* Aim of the task
Only the lines below between the one holding "凉棚底下,已经得手的男女食客" and the one holding "De Xclusive Feeder", inclusive, are to be reproduced word for word; the pictures are to be left out.

* Data listing
=-=-=-=-=

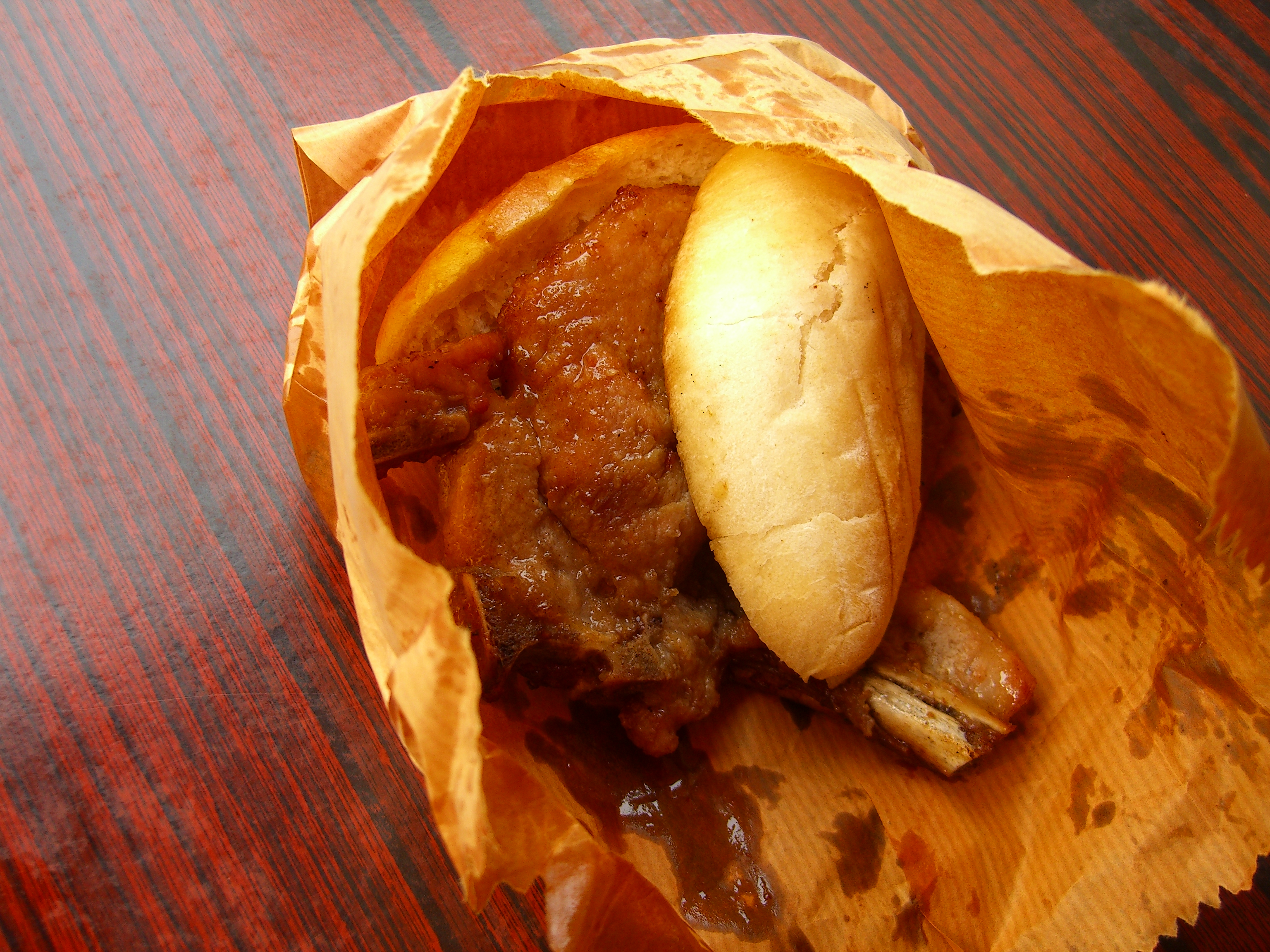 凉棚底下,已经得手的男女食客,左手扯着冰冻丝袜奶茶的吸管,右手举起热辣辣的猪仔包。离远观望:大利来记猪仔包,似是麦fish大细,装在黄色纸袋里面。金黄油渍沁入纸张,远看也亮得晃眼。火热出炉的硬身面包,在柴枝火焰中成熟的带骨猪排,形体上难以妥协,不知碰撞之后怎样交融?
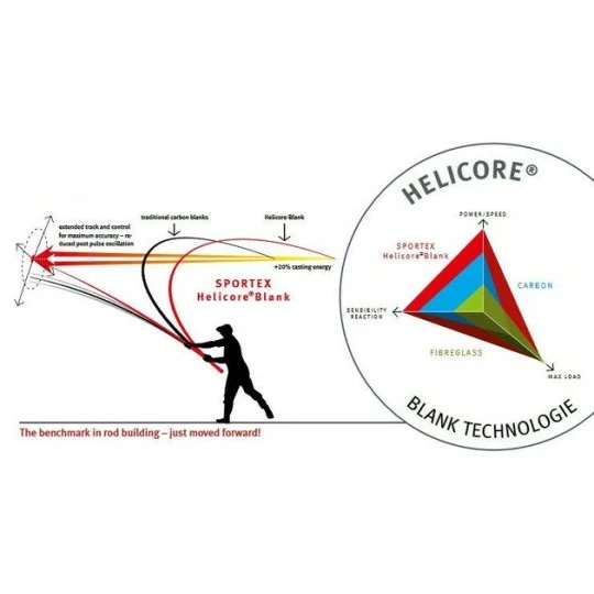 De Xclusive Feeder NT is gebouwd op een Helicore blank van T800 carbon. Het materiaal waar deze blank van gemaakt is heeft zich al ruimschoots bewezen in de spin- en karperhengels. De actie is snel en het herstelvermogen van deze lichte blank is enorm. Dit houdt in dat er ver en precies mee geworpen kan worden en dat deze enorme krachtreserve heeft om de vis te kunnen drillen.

=-=-=-=-=

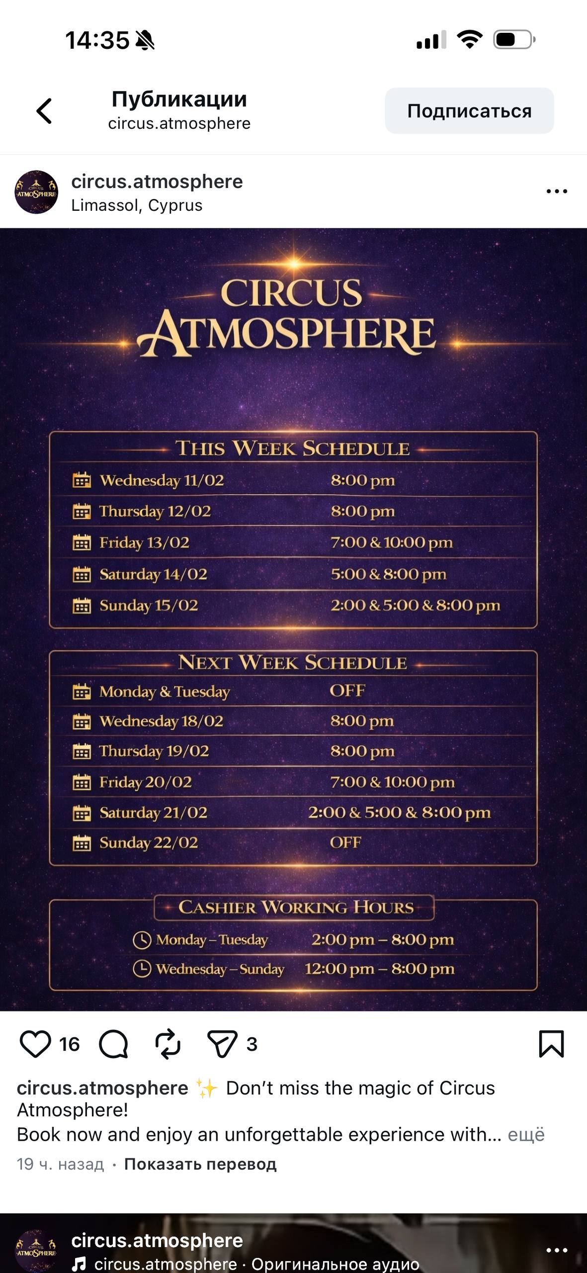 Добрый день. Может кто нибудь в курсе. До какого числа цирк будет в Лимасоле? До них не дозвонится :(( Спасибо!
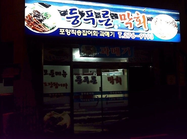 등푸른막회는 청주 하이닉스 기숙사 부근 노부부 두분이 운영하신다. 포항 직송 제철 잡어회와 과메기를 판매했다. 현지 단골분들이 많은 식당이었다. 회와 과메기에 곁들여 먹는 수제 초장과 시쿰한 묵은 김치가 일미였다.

=-=-=-=-=

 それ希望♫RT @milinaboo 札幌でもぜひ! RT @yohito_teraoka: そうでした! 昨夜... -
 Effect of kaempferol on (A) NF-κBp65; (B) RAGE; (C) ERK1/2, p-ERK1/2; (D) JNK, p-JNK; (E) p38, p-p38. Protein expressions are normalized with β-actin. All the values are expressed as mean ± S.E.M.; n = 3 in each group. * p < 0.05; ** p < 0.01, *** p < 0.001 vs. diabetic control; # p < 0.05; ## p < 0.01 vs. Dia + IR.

=-=-=-=-=

* Task response
 凉棚底下,已经得手的男女食客,左手扯着冰冻丝袜奶茶的吸管,右手举起热辣辣的猪仔包。离远观望:大利来记猪仔包,似是麦fish大细,装在黄色纸袋里面。金黄油渍沁入纸张,远看也亮得晃眼。火热出炉的硬身面包,在柴枝火焰中成熟的带骨猪排,形体上难以妥协,不知碰撞之后怎样交融?
 De Xclusive Feeder NT is gebouwd op een Helicore blank van T800 carbon. Het materiaal waar deze blank van gemaakt is heeft zich al ruimschoots bewezen in de spin- en karperhengels. De actie is snel en het herstelvermogen van deze lichte blank is enorm. Dit houdt in dat er ver en precies mee geworpen kan worden en dat deze enorme krachtreserve heeft om de vis te kunnen drillen.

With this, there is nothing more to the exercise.